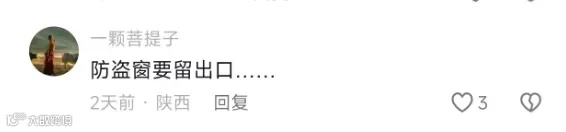 如果您确有安装防盗窗的必要,至少要给您和家人留出逃生通道。可以选择在防盗网上留一扇“逃生门”,尺寸一般不小于1.0×0.8米,平时可以上锁,并把钥匙放在家庭成员都知道的地方。
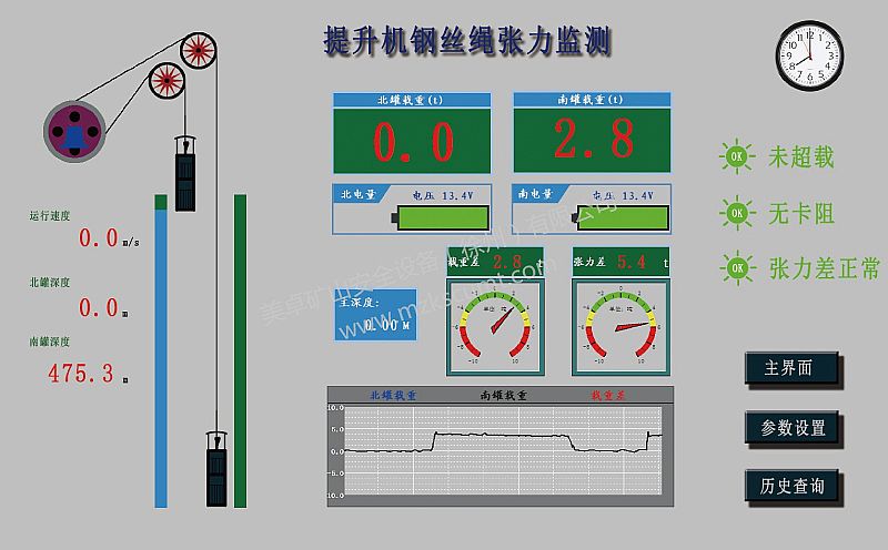 3、容器正常運(yùn)行后,通過行程定位、數(shù)據(jù)采集、智能判斷,可及時(shí)準(zhǔn)確判斷容器在井筒中任何位置狀況(包括容器位置、井筒卡阻、防墜器誤動(dòng)作、松繩等問題)。
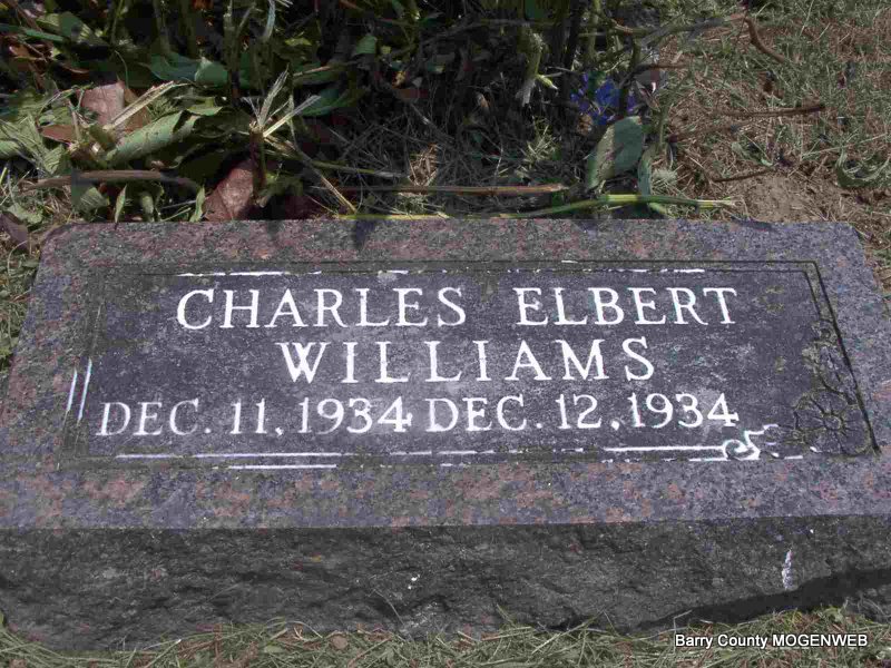 | WILLIAMS, Charles Elbert | Dec. 10, 1934 | Dec. 11, 1934 | Research Note: Previous entry had date of birth as Dec. 11, 1934 and date of death as Dec. 12, 1912. Cause of death given as "Premature birth." Father Waldo Williams born in Barry Co., MO. Mother Mattie M. Williams born in Lawrence Co., MO according to King Funeral Home records. | Headstone J. T. Mayes King Funeral Home Photo Jay Trace |
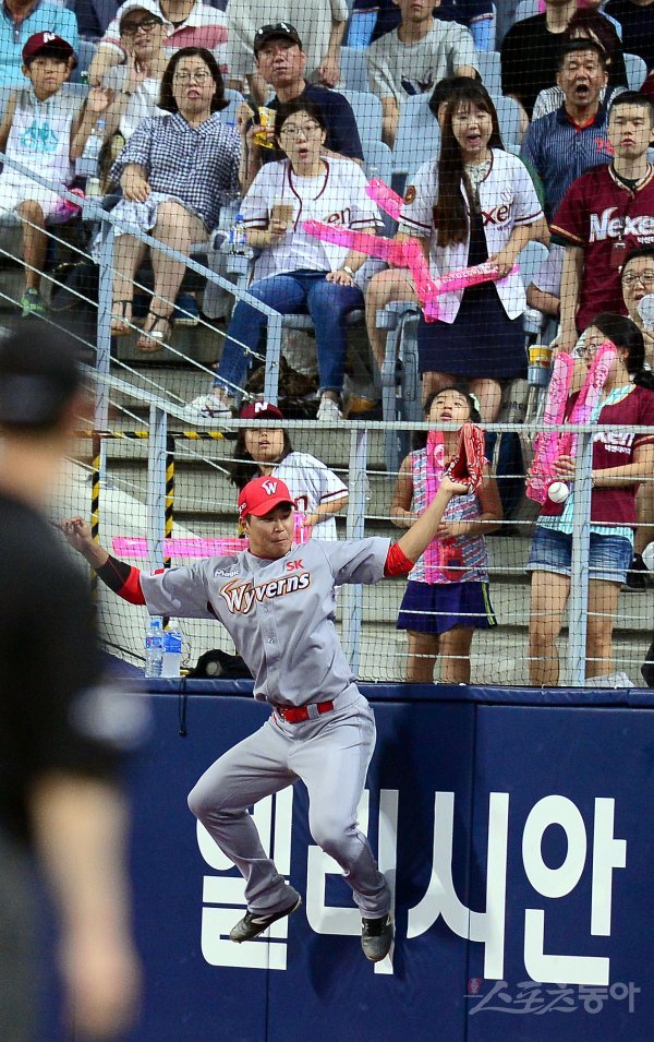 1일 서울 고척스카이돔에서 ‘2017 타이어뱅크 KBO 리그’ SK와이번스와 넥센히어로즈 경기가 열렸다. 6회말 무사 1루 SK 우익수 한동민이 넥센 초이스의 파울볼을 잡으려 했으나 아쉽게 놓치고 있다.
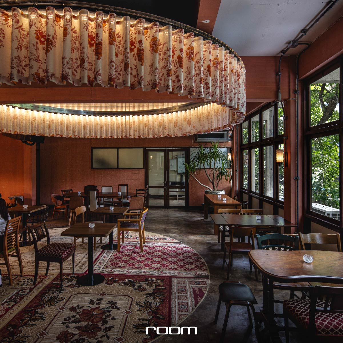 กลางโถงที่นั่งใช้ม่านผ้าลายดอกไม้ล้อไปกับโลโก้ สร้างเป็นมุมไอคอนิกด้วยโคมไฟและพรมวงกลม ช่วยลดทอนความเหลี่ยมของพื้นที่ให้ห้องละมุนขึ้น
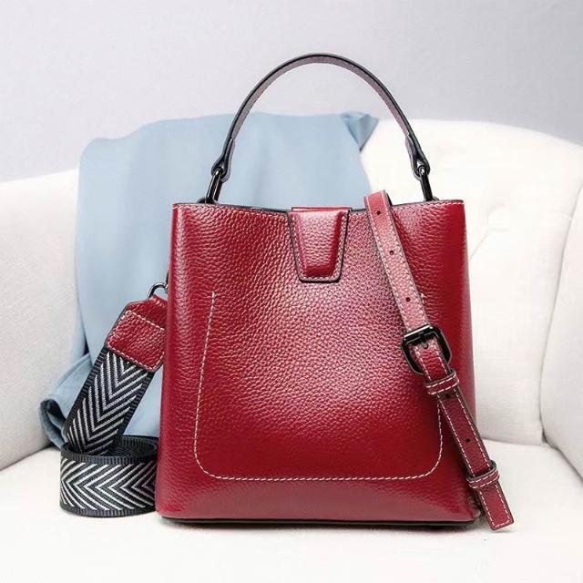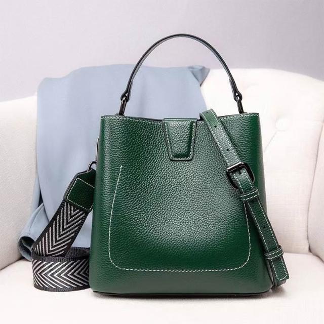 真皮女包水桶包手提單肩斜挎包2024新款時尚百搭高顏值質感小包包

:::

Omit each image and transcribe the remaining records word for word.

• SOLUTION:
 如果您确有安装防盗窗的必要,至少要给您和家人留出逃生通道。可以选择在防盗网上留一扇“逃生门”,尺寸一般不小于1.0×0.8米,平时可以上锁,并把钥匙放在家庭成员都知道的地方。
 3、容器正常運(yùn)行后,通過行程定位、數(shù)據(jù)采集、智能判斷,可及時(shí)準(zhǔn)確判斷容器在井筒中任何位置狀況(包括容器位置、井筒卡阻、防墜器誤動(dòng)作、松繩等問題)。
 | WILLIAMS, Charles Elbert | Dec. 10, 1934 | Dec. 11, 1934 | Research Note: Previous entry had date of birth as Dec. 11, 1934 and date of death as Dec. 12, 1912. Cause of death given as "Premature birth." Father Waldo Williams born in Barry Co., MO. Mother Mattie M. Williams born in Lawrence Co., MO according to King Funeral Home records. | Headstone J. T. Mayes King Funeral Home Photo Jay Trace |
 1일 서울 고척스카이돔에서 ‘2017 타이어뱅크 KBO 리그’ SK와이번스와 넥센히어로즈 경기가 열렸다. 6회말 무사 1루 SK 우익수 한동민이 넥센 초이스의 파울볼을 잡으려 했으나 아쉽게 놓치고 있다.
 กลางโถงที่นั่งใช้ม่านผ้าลายดอกไม้ล้อไปกับโลโก้ สร้างเป็นมุมไอคอนิกด้วยโคมไฟและพรมวงกลม ช่วยลดทอนความเหลี่ยมของพื้นที่ให้ห้องละมุนขึ้น
 真皮女包水桶包手提單肩斜挎包2024新款時尚百搭高顏值質感小包包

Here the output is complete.